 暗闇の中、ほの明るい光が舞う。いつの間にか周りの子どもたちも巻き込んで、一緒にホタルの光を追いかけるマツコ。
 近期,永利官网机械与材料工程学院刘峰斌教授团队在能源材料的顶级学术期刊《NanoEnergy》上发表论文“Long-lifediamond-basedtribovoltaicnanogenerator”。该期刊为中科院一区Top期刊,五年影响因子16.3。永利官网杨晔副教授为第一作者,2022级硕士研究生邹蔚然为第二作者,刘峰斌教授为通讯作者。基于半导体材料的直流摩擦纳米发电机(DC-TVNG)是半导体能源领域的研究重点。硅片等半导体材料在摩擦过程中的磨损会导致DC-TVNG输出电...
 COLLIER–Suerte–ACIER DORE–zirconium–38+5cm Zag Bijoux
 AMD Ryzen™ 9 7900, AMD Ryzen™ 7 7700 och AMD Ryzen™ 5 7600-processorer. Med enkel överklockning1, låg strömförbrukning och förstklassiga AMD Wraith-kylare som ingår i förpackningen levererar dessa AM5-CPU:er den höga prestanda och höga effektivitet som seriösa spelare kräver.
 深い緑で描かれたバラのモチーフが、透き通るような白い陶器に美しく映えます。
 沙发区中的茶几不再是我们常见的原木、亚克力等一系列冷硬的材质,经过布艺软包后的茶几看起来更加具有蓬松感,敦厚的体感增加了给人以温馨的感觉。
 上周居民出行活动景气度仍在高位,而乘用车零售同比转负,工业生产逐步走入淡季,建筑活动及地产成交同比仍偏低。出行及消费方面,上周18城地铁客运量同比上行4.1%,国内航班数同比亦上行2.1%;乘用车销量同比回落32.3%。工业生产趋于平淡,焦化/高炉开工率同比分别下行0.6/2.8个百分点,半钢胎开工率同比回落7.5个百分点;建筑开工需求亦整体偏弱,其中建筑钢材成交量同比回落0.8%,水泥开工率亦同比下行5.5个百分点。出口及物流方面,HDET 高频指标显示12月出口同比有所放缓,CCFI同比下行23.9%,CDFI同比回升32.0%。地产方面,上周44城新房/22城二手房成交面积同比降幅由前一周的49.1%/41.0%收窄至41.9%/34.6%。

Exercise goal → All lines from the opening of the records through the line where "近期,永利官网机械与材料工程" occurs are to be output verbatim. No other line belongs in the answer.

Solution →
 暗闇の中、ほの明るい光が舞う。いつの間にか周りの子どもたちも巻き込んで、一緒にホタルの光を追いかけるマツコ。
 近期,永利官网机械与材料工程学院刘峰斌教授团队在能源材料的顶级学术期刊《NanoEnergy》上发表论文“Long-lifediamond-basedtribovoltaicnanogenerator”。该期刊为中科院一区Top期刊,五年影响因子16.3。永利官网杨晔副教授为第一作者,2022级硕士研究生邹蔚然为第二作者,刘峰斌教授为通讯作者。基于半导体材料的直流摩擦纳米发电机(DC-TVNG)是半导体能源领域的研究重点。硅片等半导体材料在摩擦过程中的磨损会导致DC-TVNG输出电...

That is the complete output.